Problem statement:
Your output should be everything below from the line containing "The entropy power" down to the line containing "这一成果发布,也是颜宁对此前", both ends included, copied exactly, with pictures left out.

Data supplied:
*** Block opens ***
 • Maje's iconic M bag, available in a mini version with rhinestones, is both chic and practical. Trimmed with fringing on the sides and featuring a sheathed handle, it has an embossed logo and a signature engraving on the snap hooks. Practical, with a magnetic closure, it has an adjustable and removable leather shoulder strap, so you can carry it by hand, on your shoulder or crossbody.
*** Block closes ***
*** Block opens ***
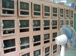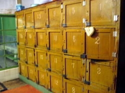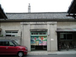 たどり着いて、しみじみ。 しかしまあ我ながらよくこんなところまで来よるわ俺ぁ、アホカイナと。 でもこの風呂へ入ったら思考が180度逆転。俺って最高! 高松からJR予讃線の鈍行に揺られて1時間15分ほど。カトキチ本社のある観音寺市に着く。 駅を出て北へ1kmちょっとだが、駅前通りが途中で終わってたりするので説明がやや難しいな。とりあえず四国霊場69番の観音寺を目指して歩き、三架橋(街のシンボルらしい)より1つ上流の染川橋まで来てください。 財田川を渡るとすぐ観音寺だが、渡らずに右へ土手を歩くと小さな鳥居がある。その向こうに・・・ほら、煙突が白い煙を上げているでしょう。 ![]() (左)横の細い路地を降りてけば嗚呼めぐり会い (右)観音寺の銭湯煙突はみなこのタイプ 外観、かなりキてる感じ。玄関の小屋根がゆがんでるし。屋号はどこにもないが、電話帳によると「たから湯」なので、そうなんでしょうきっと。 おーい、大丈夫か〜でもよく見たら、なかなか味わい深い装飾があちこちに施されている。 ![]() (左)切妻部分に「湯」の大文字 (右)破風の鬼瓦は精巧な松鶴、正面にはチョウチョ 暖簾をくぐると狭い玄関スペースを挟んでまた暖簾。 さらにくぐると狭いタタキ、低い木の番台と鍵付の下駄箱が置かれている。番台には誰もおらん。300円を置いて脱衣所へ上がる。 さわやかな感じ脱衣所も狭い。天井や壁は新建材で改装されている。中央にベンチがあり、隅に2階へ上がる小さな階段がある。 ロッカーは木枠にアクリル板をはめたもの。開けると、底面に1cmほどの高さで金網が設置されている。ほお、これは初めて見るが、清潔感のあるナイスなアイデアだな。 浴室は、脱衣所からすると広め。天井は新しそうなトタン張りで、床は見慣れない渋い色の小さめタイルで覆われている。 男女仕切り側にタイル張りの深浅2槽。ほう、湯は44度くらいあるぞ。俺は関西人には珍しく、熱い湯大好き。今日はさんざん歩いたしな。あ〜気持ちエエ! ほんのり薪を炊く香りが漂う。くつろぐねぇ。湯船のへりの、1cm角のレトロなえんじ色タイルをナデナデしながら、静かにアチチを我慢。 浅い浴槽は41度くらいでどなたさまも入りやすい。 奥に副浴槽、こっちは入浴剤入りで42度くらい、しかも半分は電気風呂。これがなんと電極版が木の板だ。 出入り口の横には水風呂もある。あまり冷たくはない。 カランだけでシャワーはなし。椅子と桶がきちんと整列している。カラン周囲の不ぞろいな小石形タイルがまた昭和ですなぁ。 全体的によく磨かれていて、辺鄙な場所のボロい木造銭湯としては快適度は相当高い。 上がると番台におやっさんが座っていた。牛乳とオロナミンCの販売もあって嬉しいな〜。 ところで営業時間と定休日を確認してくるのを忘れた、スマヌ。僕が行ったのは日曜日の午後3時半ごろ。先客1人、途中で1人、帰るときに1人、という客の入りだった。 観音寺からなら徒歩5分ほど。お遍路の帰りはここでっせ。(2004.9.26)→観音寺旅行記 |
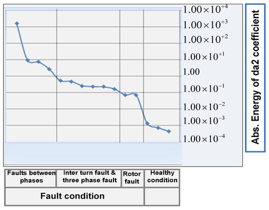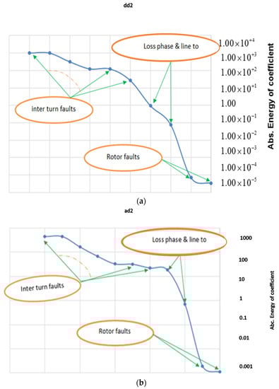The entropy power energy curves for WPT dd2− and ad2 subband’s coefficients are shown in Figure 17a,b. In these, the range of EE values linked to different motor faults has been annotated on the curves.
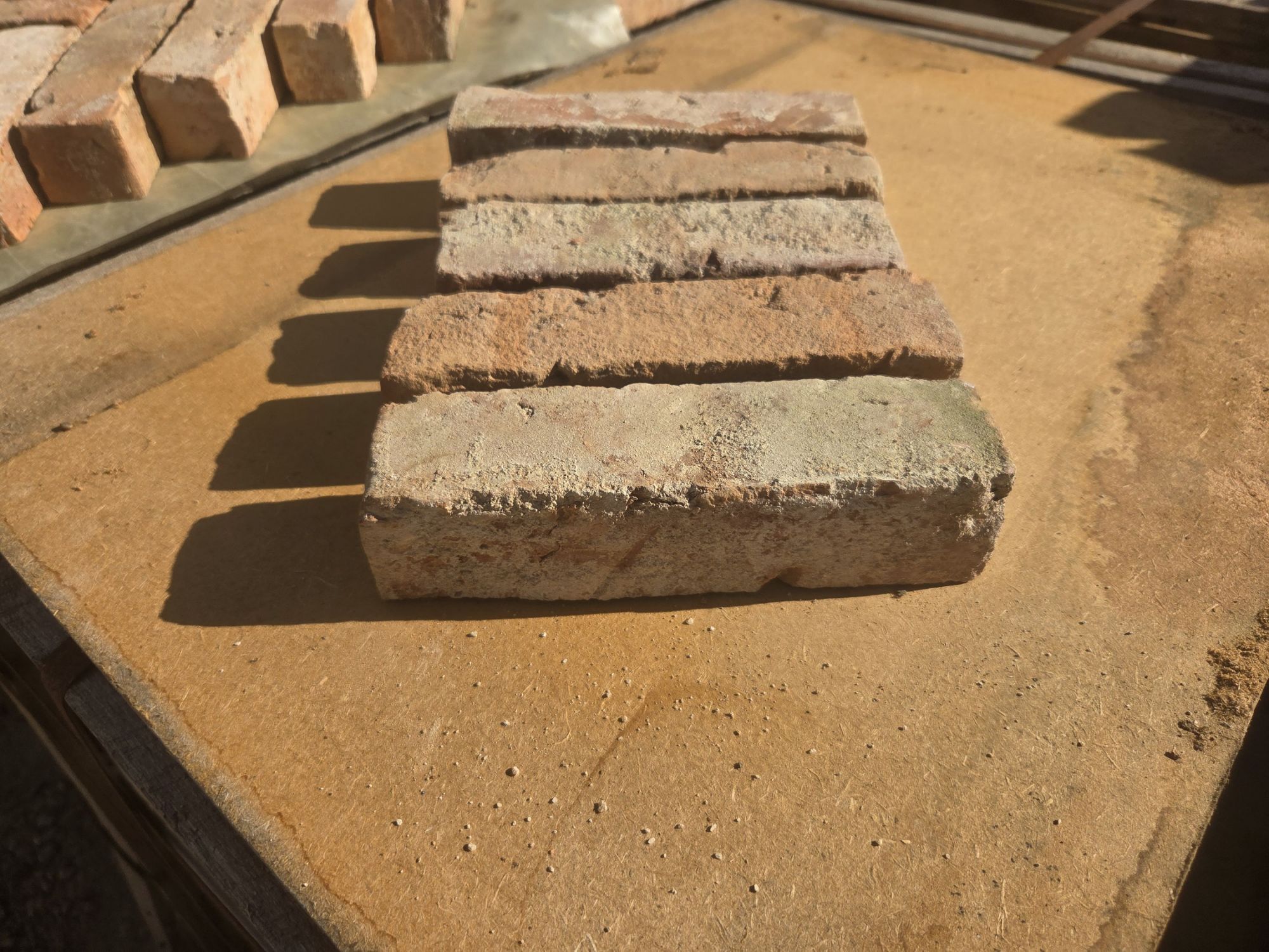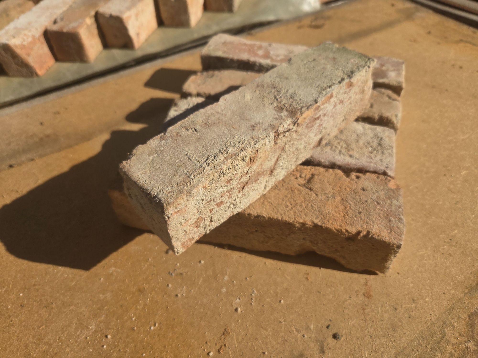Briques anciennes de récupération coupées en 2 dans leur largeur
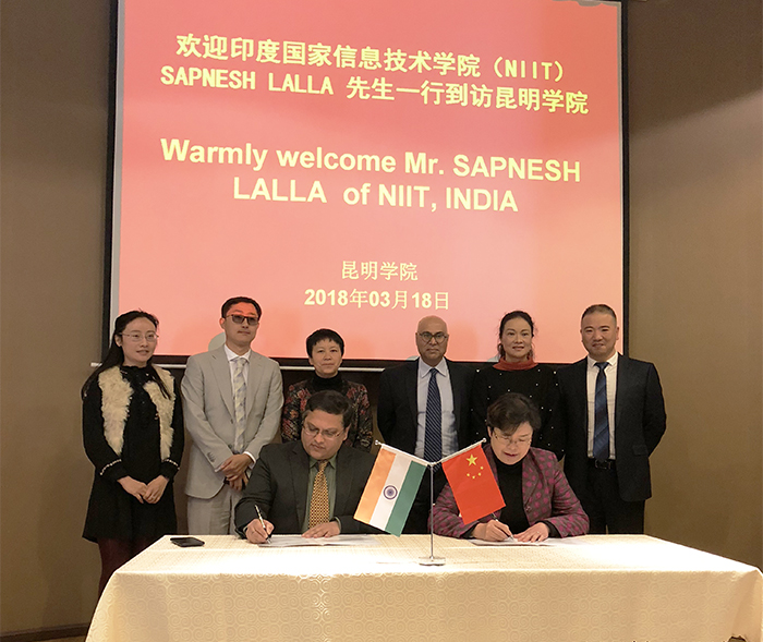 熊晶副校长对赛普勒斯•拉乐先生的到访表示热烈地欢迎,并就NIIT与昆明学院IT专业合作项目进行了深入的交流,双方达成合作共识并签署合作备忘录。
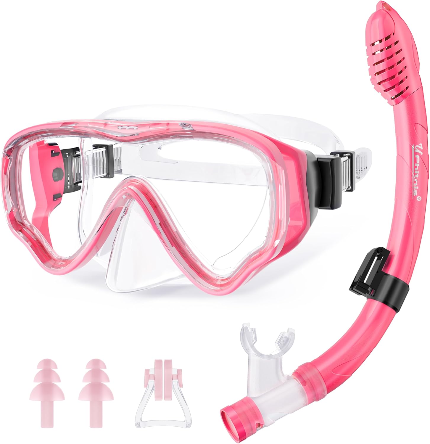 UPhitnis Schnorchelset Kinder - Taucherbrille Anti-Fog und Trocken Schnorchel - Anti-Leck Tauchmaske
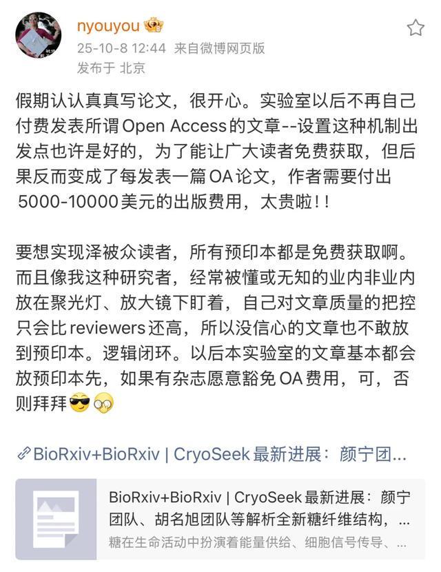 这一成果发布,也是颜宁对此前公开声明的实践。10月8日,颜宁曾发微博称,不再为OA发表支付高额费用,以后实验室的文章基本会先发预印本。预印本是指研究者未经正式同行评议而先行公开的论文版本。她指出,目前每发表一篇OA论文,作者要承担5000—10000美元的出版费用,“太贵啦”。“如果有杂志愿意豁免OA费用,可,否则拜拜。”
*** Block closes ***
*** Block opens ***
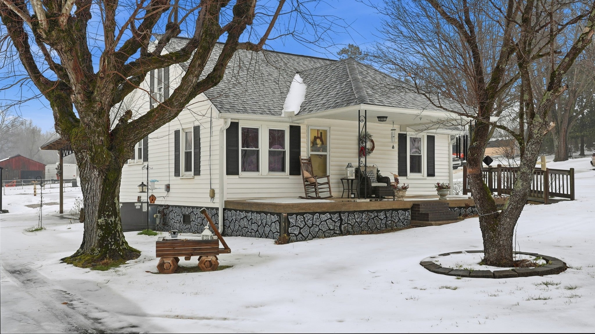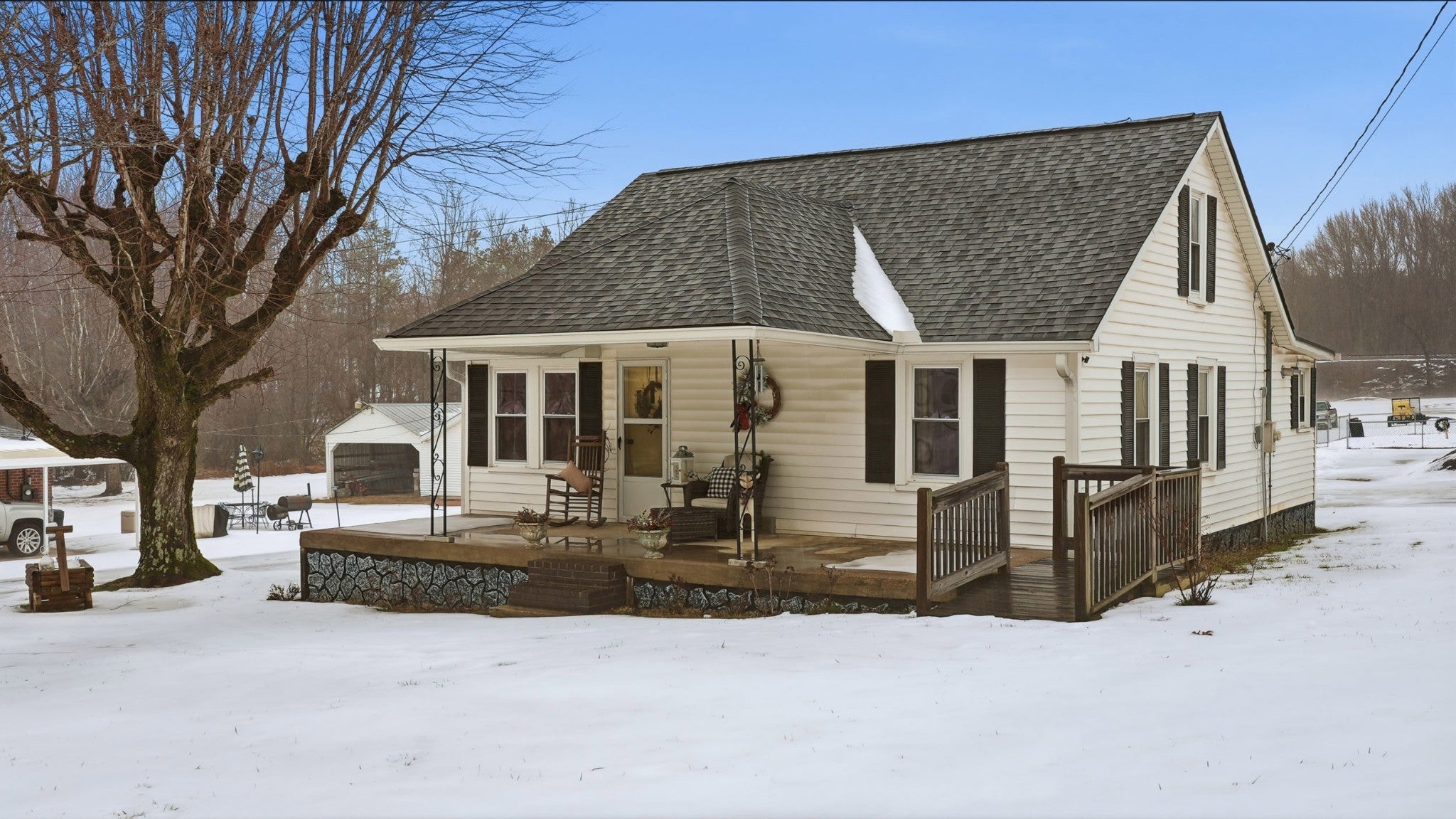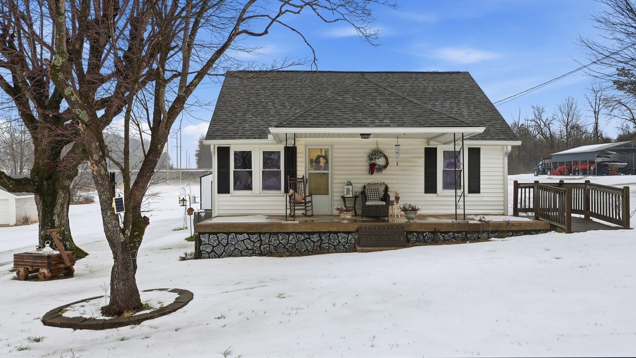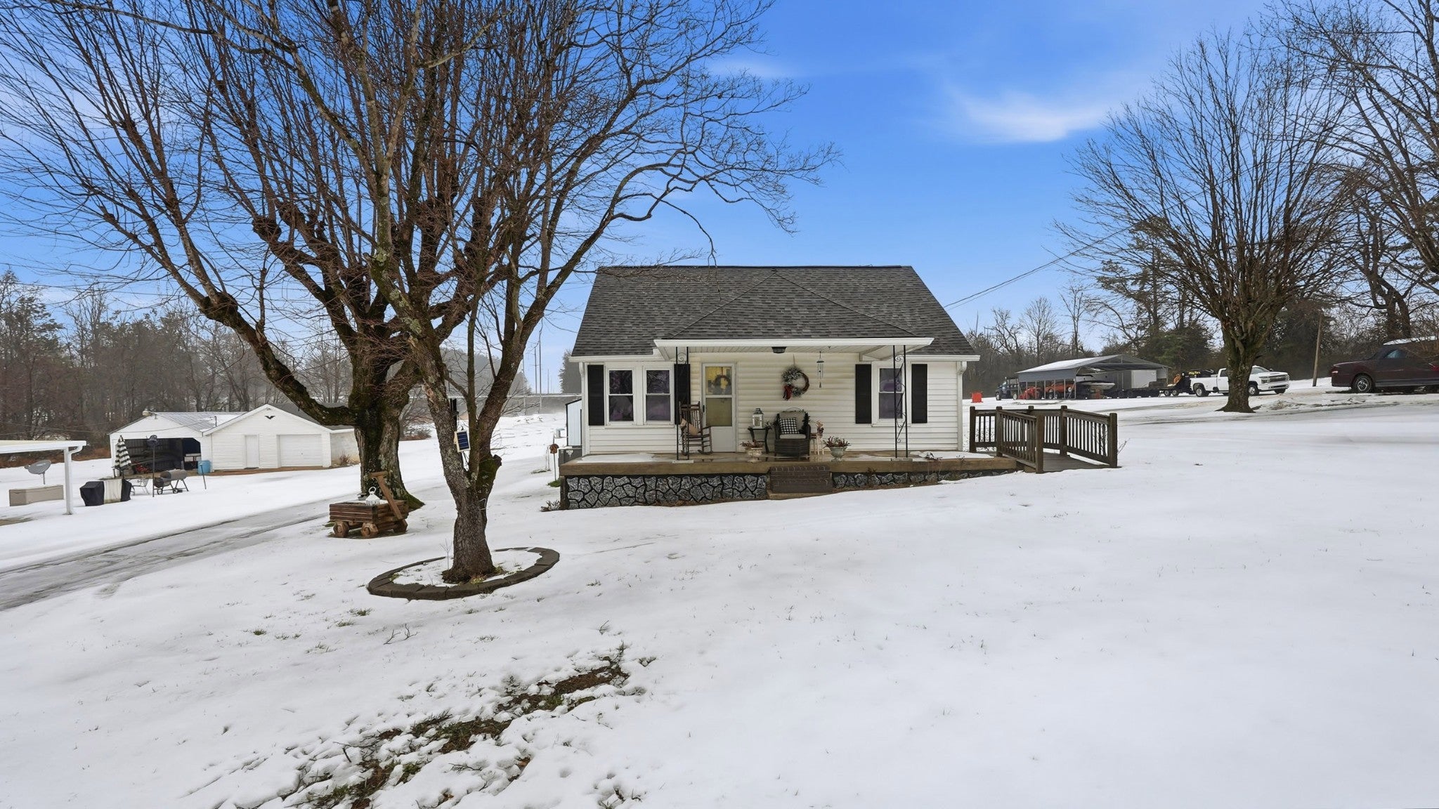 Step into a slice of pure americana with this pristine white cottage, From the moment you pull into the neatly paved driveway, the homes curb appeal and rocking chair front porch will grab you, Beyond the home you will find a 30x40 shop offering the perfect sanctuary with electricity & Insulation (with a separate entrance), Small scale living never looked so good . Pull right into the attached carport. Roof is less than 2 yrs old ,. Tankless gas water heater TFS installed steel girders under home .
*** Block closes ***
Response below:
The entropy power energy curves for WPT dd2− and ad2 subband’s coefficients are shown in Figure 17a,b. In these, the range of EE values linked to different motor faults has been annotated on the curves.
Briques anciennes de récupération coupées en 2 dans leur largeur
 熊晶副校长对赛普勒斯•拉乐先生的到访表示热烈地欢迎,并就NIIT与昆明学院IT专业合作项目进行了深入的交流,双方达成合作共识并签署合作备忘录。
 UPhitnis Schnorchelset Kinder - Taucherbrille Anti-Fog und Trocken Schnorchel - Anti-Leck Tauchmaske
 这一成果发布,也是颜宁对此前公开声明的实践。10月8日,颜宁曾发微博称,不再为OA发表支付高额费用,以后实验室的文章基本会先发预印本。预印本是指研究者未经正式同行评议而先行公开的论文版本。她指出,目前每发表一篇OA论文,作者要承担5000—10000美元的出版费用,“太贵啦”。“如果有杂志愿意豁免OA费用,可,否则拜拜。”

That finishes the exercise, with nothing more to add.